U.S. stocks followed European markets lower after news reports said banks in Europe may have more risky government debt on their books than was disclosed during “stress tests” earlier this year. That could mean fees from regulators and more capital-raising by the banks to bolster their balance sheets.

Shares of major European banks including Barclays PLC and UBS fell, and the dollar rose against the euro.

“The soundness of stress tests are, and continue to be, in question,” said Brian O’Reilly, president of the Collingwood Group. Uncertainty about the tests could be a drag on the market until European regulators provide some more transparency about exactly what figures were included in the test, O’Reilly said.

The reports renewed worries about European government debt, which had flared up earlier this year following a fiscal crisis in Greece that spread to other weak European economies and helped bring stocks down worldwide.

Stocks had been doing well last week, rallying on improved news about job growth and gains in manufacturing in the U.S. and China. The better economic news helped the market end higher for the week, breaking three straight weeks of losses.

Many investors still have faith the economy is growing, but the pace of that growth is in question. Economic reports have been inconsistent, leaving traders overreacting to every bit of news, said James Angel, professor of finance at Georgetown University’s McDonough School of Business.

“What it’s going to take to keep (a rally) going is more good news,” said Angel said.

The Dow Jones industrial average fell 107.24 points, or 1.0 percent, to close at 10,340.69.
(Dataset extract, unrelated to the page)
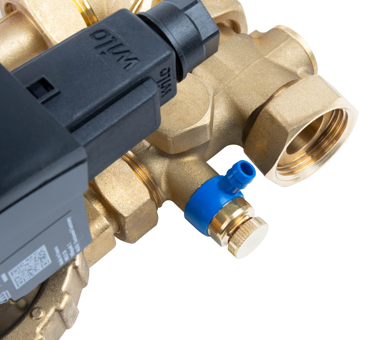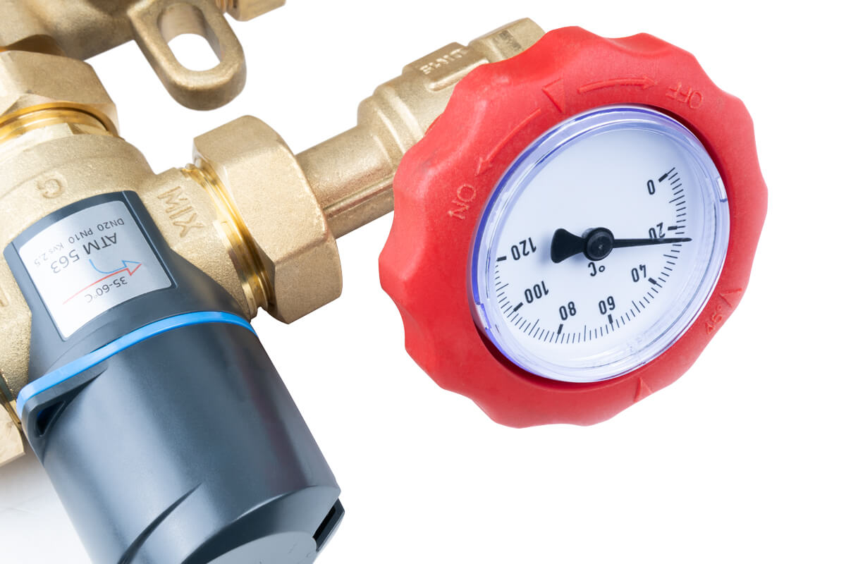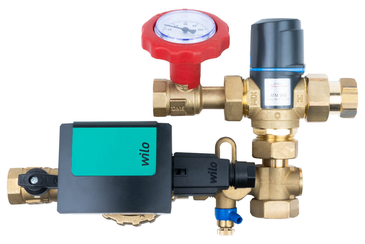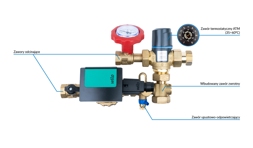 - Zawór termostatyczny ATM zapobiega oparzeniom i pozwala bezpiecznie podnieść temperaturę w zasobniku (np. celem wygrzania lub zwiększenia ilości ciepłej wody).

Broader indexes also fell, making for a weak start to a week shortened by the Labor Day holiday on Monday. The Standard & Poor’s 500 index lost 12.67, or 1.1 percent, to 1,091.84, while the Nasdaq composite index fell 24.86, or 1.1 percent, to 2,208.89.

About three stocks fell for every one that rose on the New York Stock Exchange, where consolidated volume was very light at 3.2 billion shares.
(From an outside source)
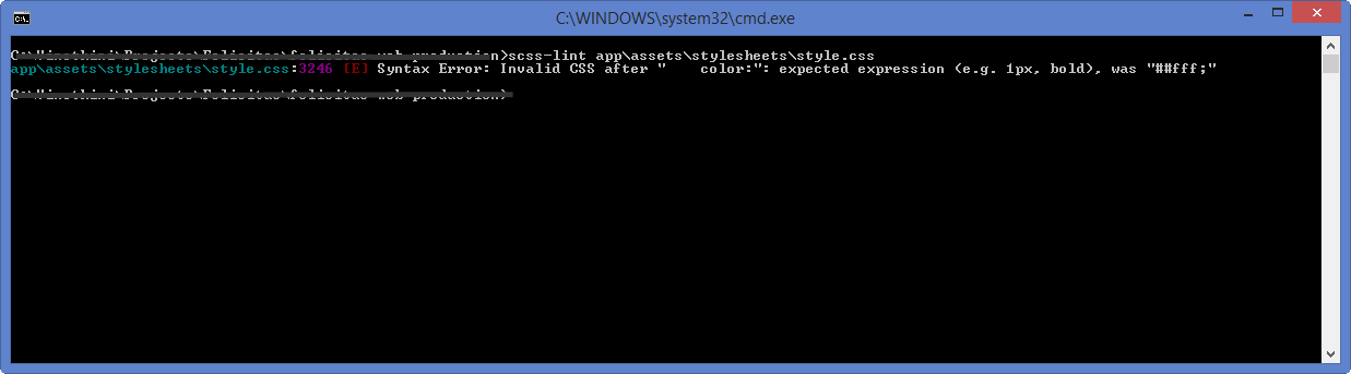 From this error message we couldn’t locate the file where this particular invalid CSS was present. After few minutes of unsuccessful manual attempts, I decided to use the scss-lint gem which scans all your CSS & SCSS files and reports if there are issues with them.

Volume often starts to pick back up after Labor Day when traders return from summer vacations. But Brian Peardon, a wealth adviser at Harrison Financial Group, said many investors might continue to stay out of the market even when they get back because of uncertainty about the global economy.

“It’s very tough for the public to decipher what’s happening,” Peardon said.

Uncertain investors continue to pour money into Treasurys. The yield on the 10-year Treasury note, which moves opposite its price, fell to 2.60 percent from 2.71 percent late Friday. Its yield is often used as a gauge to set interest rates on mortgages and other consumer loans.

Gold also rose as investors took money out of stocks and sought out other assets seen as having more stable value. Gold for December delivery rose $8.20 to settle at $1,259.30 an ounce.

Several reports later this week could shed more light on the U.S. economy including the “beige book” report from the Federal Reserve coming out on Wednesday and weekly unemployment numbers due out on Thursday.

Shares of Swiss bank UBS dropped 53 cents, or 2.9 percent, to $17.52. Spanish bank Banco Santander fell 48 cents, or 3.8 percent, to $12.20.

Barclays fell $1.15, or 5.7 percent, to $19.13. The British bank also announced Robert E. Diamond Jr., who built the company’s global investment bank, will take over as CEO next year.

European markets ended lower. Britain’s FTSE 100 fell 0.6 percent, Germany’s DAX index dropped 0.6 percent, and France’s CAC-40 fell 1.1 percent.